Abstract
We read with great interest the proposal made by Gary Collins and Karel Moons1 to develop a version of the Transparent Reporting of a Multivariable Prediction Model for Individual Prognosis or Diagnosis (TRIPOD) statement that is specific to machine learning (ML), to be known as TRIPOD-ML.2 We agree that the understandable excitement around ML-enabled technologies should not overrule the need for robust scientific evaluation, and ML prediction model studies should adopt established guidance for reporting.
Demonstrating a good level of accuracy in ML-based predictive models is a major step in the validation process. However, the true clinical impact of such models, as interventions, will rely on the model demonstrating superior patient outcomes in randomised clinical trials. As of July, 2019, 368 clinical trials in the field of artificial intelligence (AI) or ML are registered on ClinicalTrials.gov.

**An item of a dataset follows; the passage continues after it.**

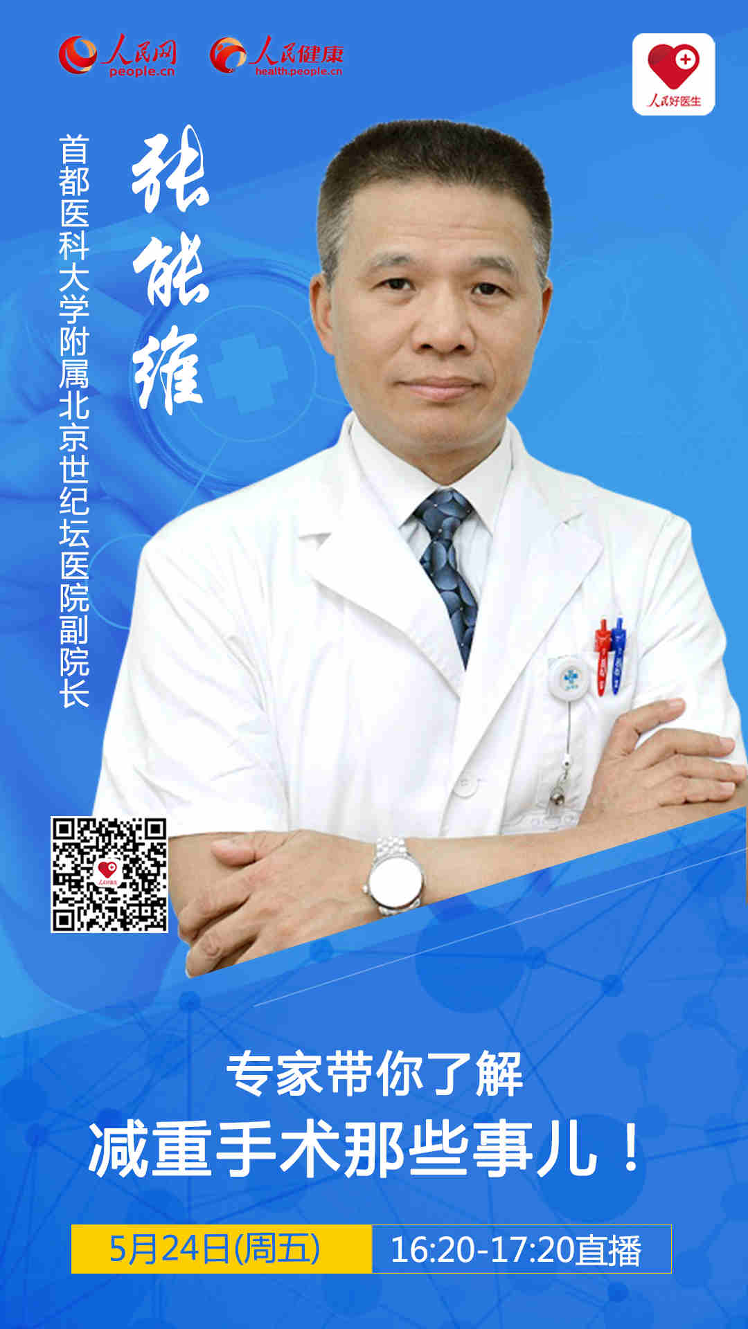 減重手術(shù)的原理是什么?哪些人可以選擇,術(shù)后又該如何護(hù)理?2019年5月24號(周五)16:20-17:20,首都醫(yī)科大學(xué)附屬北京世紀(jì)壇醫(yī)院副院長 張能維將在“人民好醫(yī)生”App進(jìn)行科普直播,并在線解答大家的各種困惑,歡迎掃碼觀看!

As with studies of predictive models, AI interventions (both diagnostic and therapeutic) are associated with specific challenges that are insufficiently addressed by the existing Consolidated Standards of Reporting Trials (CONSORT) and Standard Protocol Items: Recommendations for Interventional Trials (SPIRIT) statements.3 For example, elements that require detailed and specific reporting include infrastructure of the trial setting and its ability to administer an ML intervention in real time, the inclusion and exclusion criteria at both the participant level and the input-data level, the interaction between an algorithm and humans that constitutes the intervention and its downstream effects, and other strategies involving adaptive ML technologies that have the potential to continuously improve in performance.
To address these challenges, we are preparing extensions of the CONSORT and SPIRIT statements, CONSORT-AI and SPIRIT-AI, which will specifically focus on clinical trials in which the intervention includes an ML or other AI component. CONSORT-AI4 and SPIRIT-AI will be complementary to the TRIPOD-ML extension proposed by Collins and Moons,1 which addresses the validation stage of a predictive AI model. Together these standards can ensure the same level of reporting transparency is maintained as ML models are taken from observational studies to prospective clinical trials.